Golders Green Islamic Centre was the setting for an interfaith vaccination campaign, which has seen hundreds get the jab in the last month.
The Community Champions Project included initiatives in Kilburn and at the Markaz El Tathgheef El Eslami Islamic centre, formerly known as the hippodrome.
In a display of interfaith collaboration, the Islamic centre opened up its doors for those aged 45 and over, with more than 60 people given the jab at an event on 29 April.
The initiative was welcomed by Leonie Lewis, a trustee of Faiths Forum for London and a Covid Community Champion, who said it “was much about being vaccinated as it is about inter and multi-faith collaboration.

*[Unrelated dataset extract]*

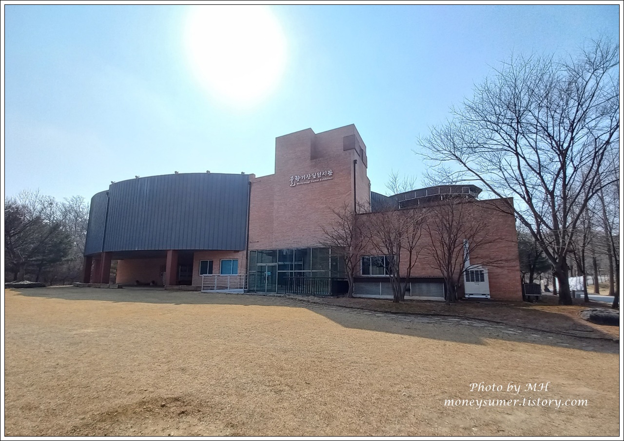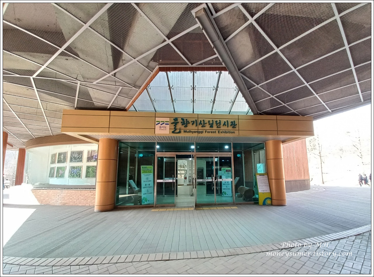 500평 규모의 지하 1층과 지상 2층으로 지어진 물향기 산림전시관이랍니다.

It truly demonstrates the importance of meaningful partnerships where there is a will there’s a way.”
Es Rosen, President of Barnet Multi Faith Forum said it “stands in solidarity with all those heroes seeking to ensure our safety and security both from the Covid19 pandemic and the virus of those seeking to divide communities for their own misguided purposes.”
This comes after doctor Tamara Joffe has been opening up the Granville Centre clinic in South Kilburn since mid-March, with hundreds of people getting a vaccine. The initiative will continue throughout May on Mondays and Thursdays.
The project is led by the Ostro Fayre Share Foundation alongside local authorities and groups. Dr Joffe welcomed the initiative, saying: “Getting vaccinated within this area was a logistical struggle” before the campaign was launched, “with remote mass vaccination sites and for many a confusing booking system.”
Supported by Faiths Forum for London in partnership with the Al-Khoei Foundation, food was provided to interfaith leaders in Kilburn to mark the end of the day’s fast for the Muslim festival of Ramadan. Neda Mousavi and Mohammed Al Rekabi, volunteers for Al Khoei Foundation said they were “honoured” to give a meal.
“This was a small gesture of good will towards the local community, and as we continue with the month of Ramadan, we hope to engage with more people of different backgrounds and faiths by coming together for a socially distanced meal again.”
Rabbi Baruch Levin of Brondesbury Park Synagogue said: “If nothing else, the pandemic has been a great leveller and an interfaith vaccination event underscores the importance of coming.”